La guerra de Felipe Calderón
México está librando una guerra universalmente considerada "a vida o muerte" contra el narcocrimen organizado. Respetados autores sostienen, sin embargo, que el combate es innecesario, improductivo e inventado.
Las estadísticas son pavorosas: 16.000 muertos en los últimos tres años para una población de unos 100 millones, causados por y entre los miembros de las bandas, con un caliginoso punto g en Ciudad Juárez, fronteriza con EE UU y millón y medio de habitantes, donde ya ha habido 500 asesinatos en lo que va de año. Los muertos, pese a todo, parece que se pesan más que se cuentan, porque la internacionalización del conflicto sólo data del penúltimo fin de semana, cuando en esa localidad mataron a tiros a tres norteamericanos de origen mexicano, vinculados al consulado local estadounidense. Sólo entonces Obama anunció la intervención de Washington en el conflicto.
El inicio de la solución del problema del narco reside más allá de la frontera de México
Felipe Calderón ya había sostenido en su inauguración en diciembre de 2006 la necesidad de una acción sin cuartel contra el narcotráfico, al que acusaba de haberse constituido en un poder que amenazaba al propio Estado; de originar un gravísimo aumento de la violencia en el país, y de disparar el consumo de drogas, sobre todo entre la juventud, como se resumía en un patético eslogan gubernamental: "Para que la droga no llegue a tus hijos".
Jorge Castañeda y Rubén Aguilar argumentan (El narco: la guerra fallida) que la razón de la ofensiva es, diferentemente, la necesidad que sentía Calderón, del partido derechista PAN, de construir su presidencia en torno a un gran objetivo para compensar el déficit de legitimidad derivado de unas elecciones que ganó por estrechísimo e irregular margen al izquierdista Andrés Manuel López Obrador (AMLO para mexicanos), del PRD. El sicariato, afirman esos autores, existe desde hace décadas sin que jamás haya puesto en peligro el Estado; con anterioridad al sexenio de Calderón no sólo no crecía la violencia, sino que declinaba; nada permitía afirmar, aun según cifras oficiales, que aumentara el consumo ni entre menores ni mayores; y tampoco favorecía el narco el contrabando de armas procedentes de EE UU -que recibe la totalidad de la droga que pasa por México- cuyo número se mantenía moderado y constante.
El narco era un león dormido o una sociedad criminal, pero enfrascada en sus negocios, con la que se había convivido tanto tiempo sin mayores percances, que mal podía convenir ahora despertarla. Y al parecer de ambos politólogos, cabría añadir que el sicariato no constituye una guerrilla como las FARC colombianas, sino que su organización se halla más próxima a la intangibilidad de Al Qaeda, por lo que resulta difícilmente erradicable: las policías locales están a sueldo de los traficantes; la Policía Federal deserta para hacer otro tanto; y el Ejército -varios miles de hombres patrullan hoy en Ciudad Juárez- no ve culminada su ambición con una guerra callejera, para la que le sobra potencia de fuego y le falta adiestramiento.

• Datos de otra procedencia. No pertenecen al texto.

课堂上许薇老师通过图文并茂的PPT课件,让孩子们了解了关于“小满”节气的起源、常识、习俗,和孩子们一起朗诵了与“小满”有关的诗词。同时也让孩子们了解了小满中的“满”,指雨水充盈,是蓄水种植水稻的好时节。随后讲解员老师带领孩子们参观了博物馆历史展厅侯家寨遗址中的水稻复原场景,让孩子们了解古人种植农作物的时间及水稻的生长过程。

¿Pero puede un gobernante que aspire a algo más que vivir al día, ignorar una enfermedad que aún en estado estacionario mina y envilece el país? En cuanto se ha abierto la veda del narco se ha comprobado que aunque los forajidos no tengan "zonas liberadas" como el Petén en el micro-Estado de Guatemala, sí son capaces de causar fuertes bajas a las fuerzas de seguridad, así como de destruir la imagen exterior del país. ¿Puede México en su progresiva conversión a la democracia rehuir el enfrentamiento con ese enemigo, aunque éste haya sido de comportamiento tan cauto hasta la fecha? La distinción entre potencia y acto que formulaba Aristóteles induce a prevenir el mal cuando aún se halla en estado de potencia, en vez de dejar la curación para cuando ya sea acto. Tarde o temprano alguien tenía que coger el toro por los cuernos.

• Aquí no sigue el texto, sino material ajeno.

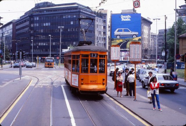 A Milan, le samedi 22 mai 1982, la motrice 1687 de la série 1500 Peter Witt est photographiée à l’arrêt « Larga » commun aux lignes 12, 13 et 23 de tramway et aux lignes 50, 54 et 60 de bus. Copyright : jean-pierre autié

El nacionalismo chilango se siente incómodo con el envío de agentes del FBI para castigar a los criminales por su osadía, pero el principio de solución del problema reside más allá de la frontera. No sólo EE UU alimenta el comercio ilícito con sus 20 millones de consumidores, sino que sólo la complicidad de los servidores de la ley en el lado norteamericano explica su permanencia y auge. Al presidente colombiano Ernesto Samper, Washington tuvo la desenvoltura de retirarle el visado por presunta connivencia con los carteles, pero nadie le reprochará a Obama que no se emplee a fondo para cegar el paso de la droga por la frontera de Río Bravo.